EXERCISE GOAL: For every line in the material, output its text exactly and exclude any image it holds.

DATA PROVIDED:
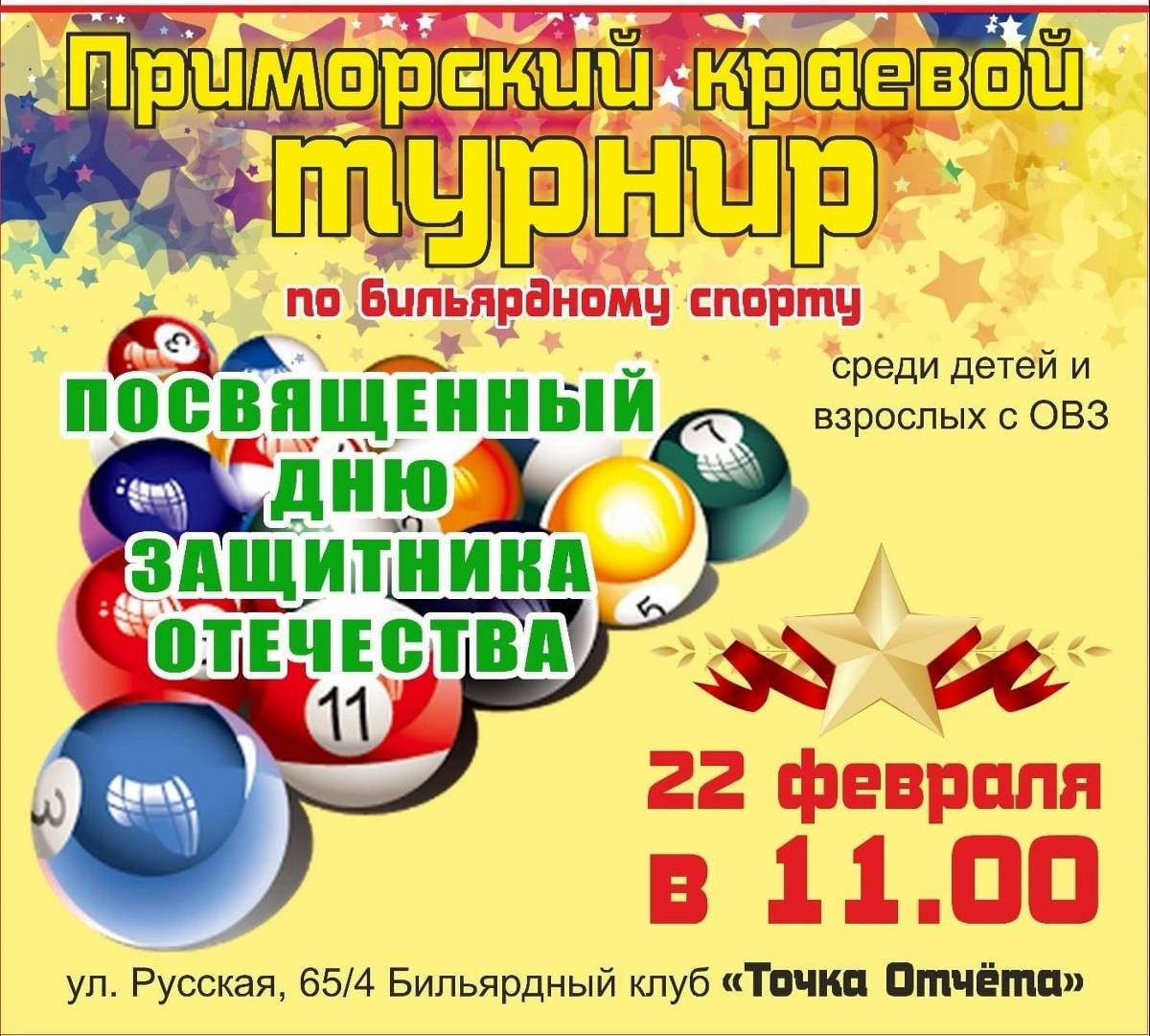В канун Дня защитника Отечества в Приморской столице состоится открытый турнир Приморского края по бильярдному спорту среди детей и взрослых с ограниченными возможностями здоровья.
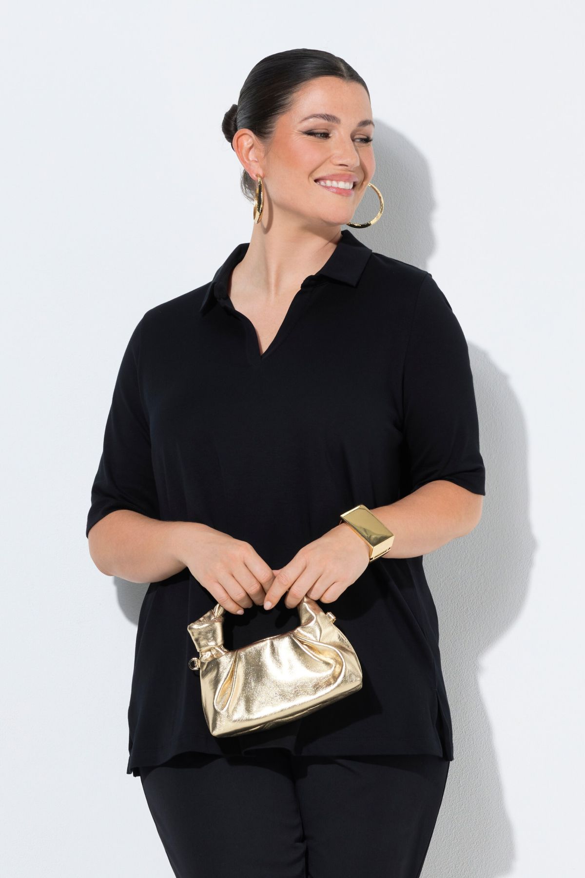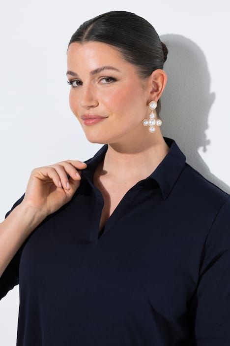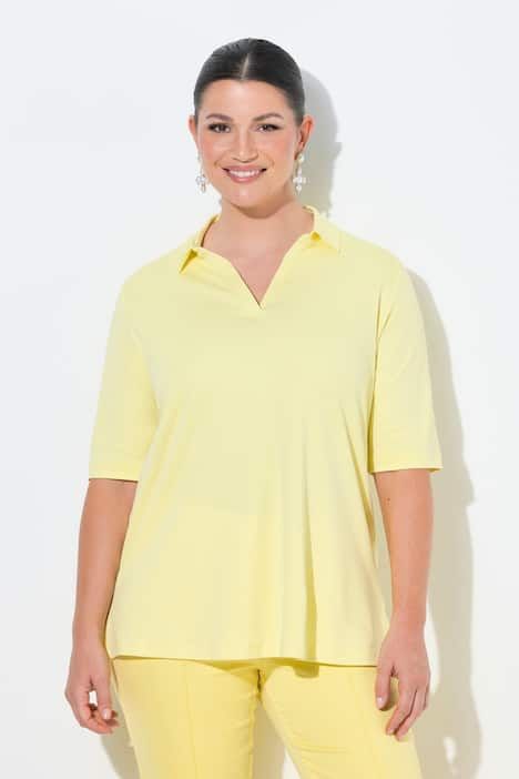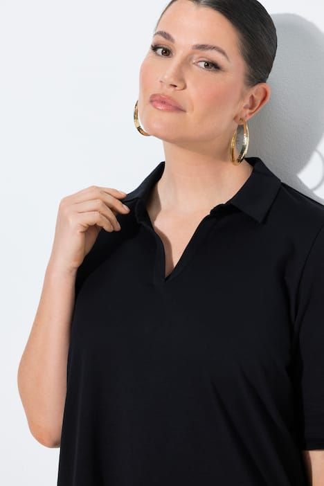 Col classique, fausse patte de boutonnage, Coton doux de haute qualité, Coupe évasée, base ample et confortable, Fentes sur les côtés pour une plus grande liberté de mouvement, Manches courtes au coude, Long. selon taille env. 70-78 cm.
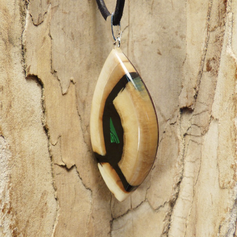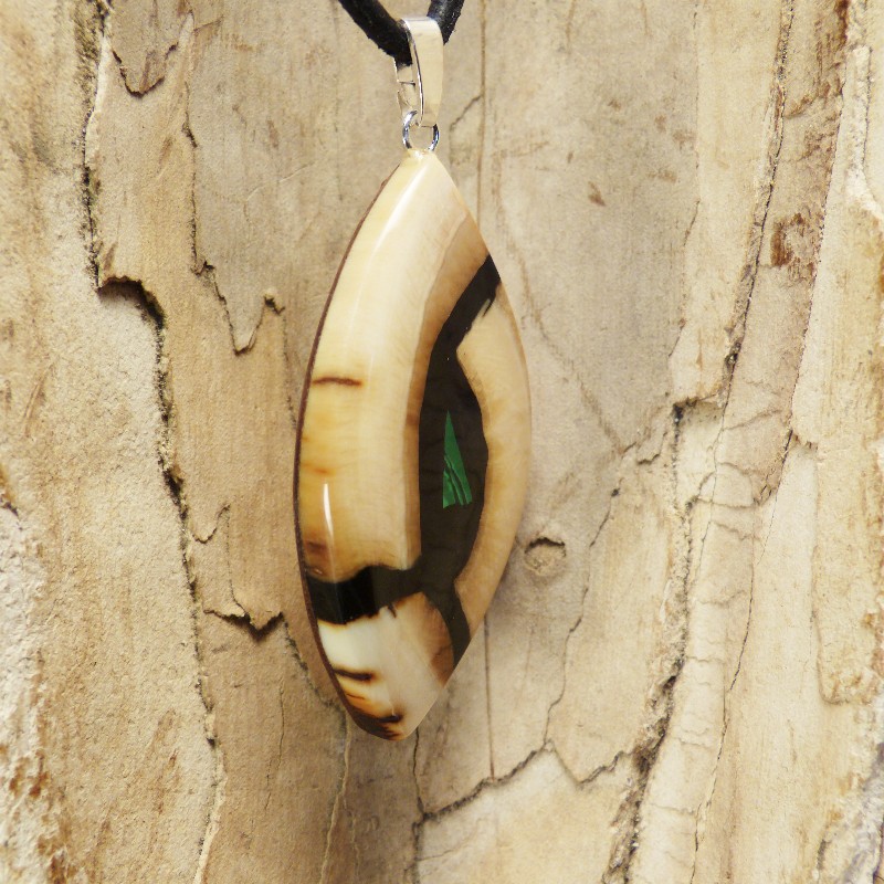 Stabilisierung mit Nussbaumholz hinterlegt. Die Öse aus 925/-er Silber ist geeignet für Ketten oder Bänder bis zu einer Größe von ca. 3 mm. Die Lieferung erfolgt ohne

TASK RESULT:
В канун Дня защитника Отечества в Приморской столице состоится открытый турнир Приморского края по бильярдному спорту среди детей и взрослых с ограниченными возможностями здоровья.
 Col classique, fausse patte de boutonnage, Coton doux de haute qualité, Coupe évasée, base ample et confortable, Fentes sur les côtés pour une plus grande liberté de mouvement, Manches courtes au coude, Long. selon taille env. 70-78 cm.
 Stabilisierung mit Nussbaumholz hinterlegt. Die Öse aus 925/-er Silber ist geeignet für Ketten oder Bänder bis zu einer Größe von ca. 3 mm. Die Lieferung erfolgt ohne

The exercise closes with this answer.